Monday, Jan. 26, 1976

Watching Baker Bubble

Northern Washington State's volcanic Mount Baker has not belched fire since the late 1860s. But now the 10,778-ft. peak may be clearing its massive throat for another outburst. Increasing volcanic activity has produced clouds of sulfurous gases and a plume of steam that can be seen in Seattle, some 90 miles away. Mount Baker's stirrings are causing some uneasiness in the town of Concrete (pop. 600), which lies at the mountain's base. While there is little chance that the town will suffer the fate of ancient Pompeii, the U.S. Forest Service has been forced to close surrounding areas to hikers, campers and skiers, and has thus driven away much of the tourist trade that the town depends upon for its livelihood.

Mount Baker first began to stir from its long sleep last March, when unusual amounts of steam or smoke began rising from the Sherman Crater, a 1,600-ft.-wide depression left just below the summit by an earlier eruption. Fearful that the steam could melt snow and trigger giant mudslides, the Forest Service closed the shoreline of Baker Lake, shut down several nearby campgrounds, and put much of the mountain off limits.

By August, geologists studying the crater rim found that steam escaping from widening fumaroles. or vents, had caused considerable melting of snow and weakened several large rock outcroppings; they warned that as much as 40 million cu. yds. of rock, a mass three times greater than that of Grand Coulee Dam, could break loose, slide into the lake and trigger flooding. In September, researchers from Eastern Washington State College, wearing oxygen masks to protect them from the sulfurous fumes, made their way through cave passages in a 140-ft.-thick layer of ice and snow to reach the center of the crater. There they found a football-field-sized lake of steaming acid, some of which is leaking into streams fed by the mountain's melting snow.

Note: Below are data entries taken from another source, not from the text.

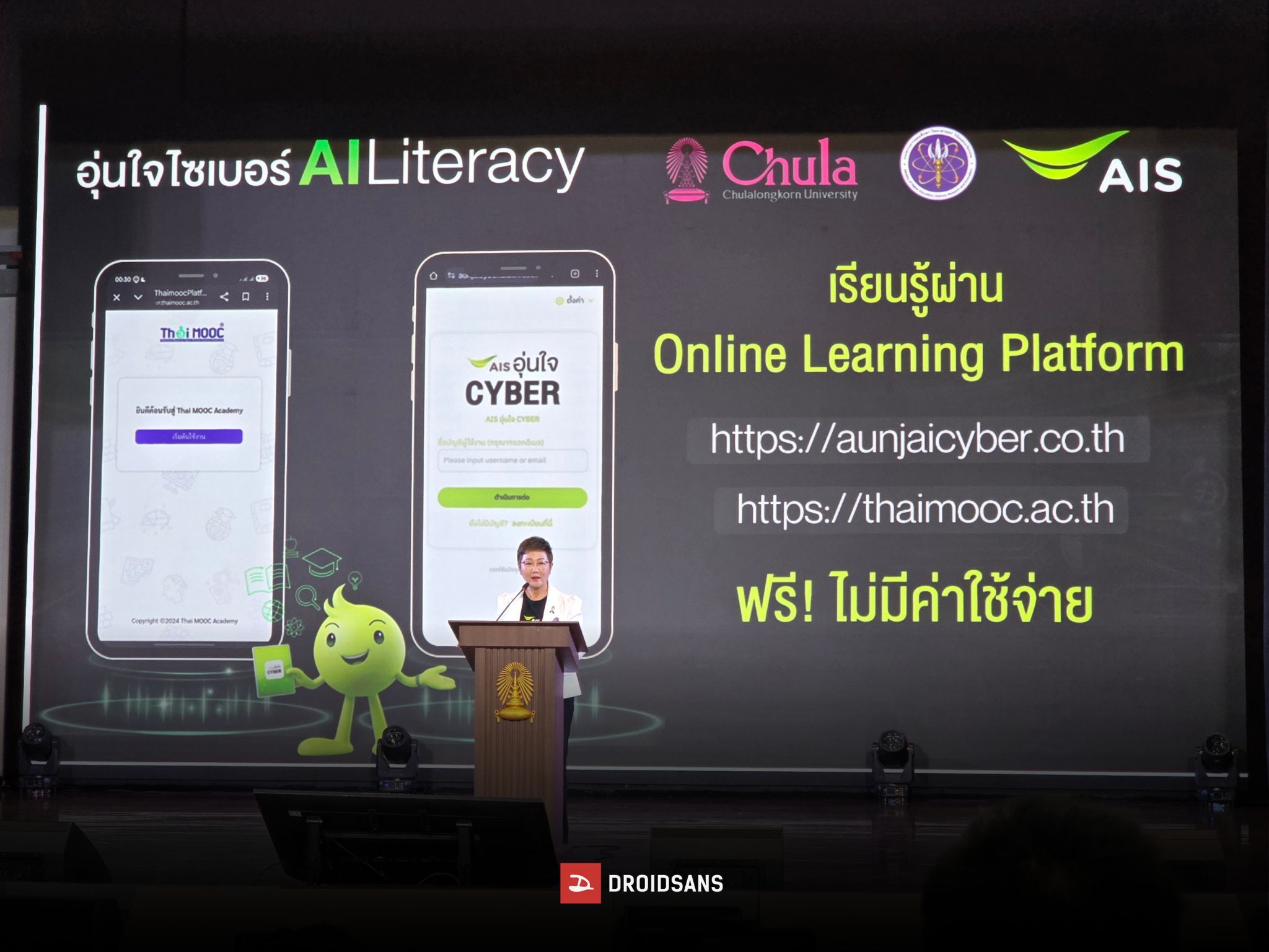 AIS ผนึกกำลังร่วมกับ อว. และจุฬาลงกรณ์มหาวิทยาลัย เปิดตัวคอร์สเรียนสำหรับคนไทย “อุ่นใจไซเบอร์ : AI Literacy” เพื่อเสริมความรู้และทักษะการใช้ AI ซึ่งออกแบบหลักสูตรโดยผู้เชี่ยวชาญด้าน AI จากหลากหลายสาขา เรียนได้ฟรี ทุกที่ทุกเวลา ผ่านแพลตฟอร์ม Thai MOOC และแอปพลิเคชัน ‘อุ่นใจ CYBER’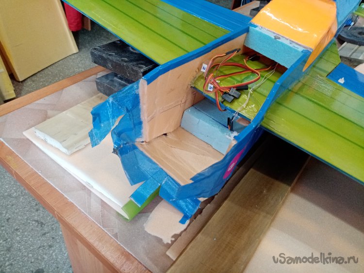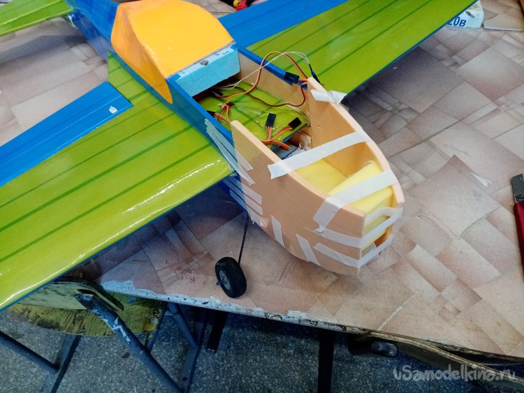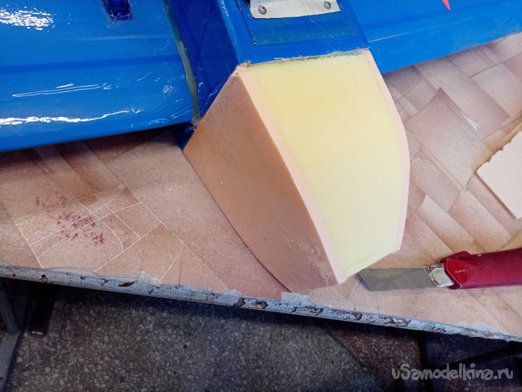 Проект мне давно знаком и не понравился носик. Уж больно широк в плане, значительно закрывает винт. Поэтому решил переделать носовую часть в смысле уменьшения поперечного сечения. И так, отрезаю разрушенную носовую часть.
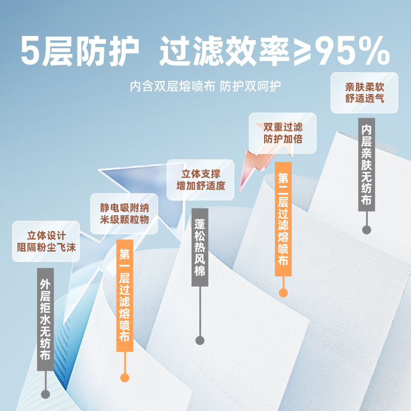 50 pieces of De Yu KN95 mask five layers of disposable mask for men and women official stereo thickness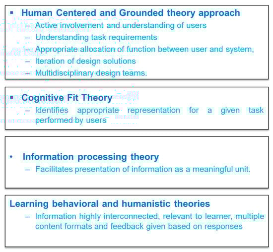 We implemented combined principles of human-centered design, cognitive theory, information processing theory and learning, behavioral, and humanistic theories to conduct user, task, and requirement analysis.

Hot Air. In an attempt both to record and to foretell Baker's behavior, geologists are trying to emulate the Russians, who recently correctly predicted a volcanic eruption on the Siberian peninsula of Kamchatka. The scientists have installed seismographs on the mountain's flanks to detect the tremors that are believed to precede an eruption and set up instruments to measure the flow and the temperatures of gases escaping from the fumaroles. They are also using sensitive tiltmeters to determine if the mountain is swelling, a phenomenon that could presage an eruption.

So far, the data collected on Mount Baker's slopes have been inconclusive, and many people in Concrete believe that authorities have overstated the potential dangers of the current activity. "All this steam business is a lot of hot air," says Robert Fader, publisher of the Concrete Herald. "Baker has steamed before and it will steam again."

The scientists studying the mountain concede that their activity and reports have proved costly to Concrete. But the Forest Service insists that placing threatened areas off limits makes eminent sense. Mount Baker does not have to awaken fully and erupt in order to be deadly. All the restless giant need do to cause a disaster is to shrug off its snowy and earthen coverings.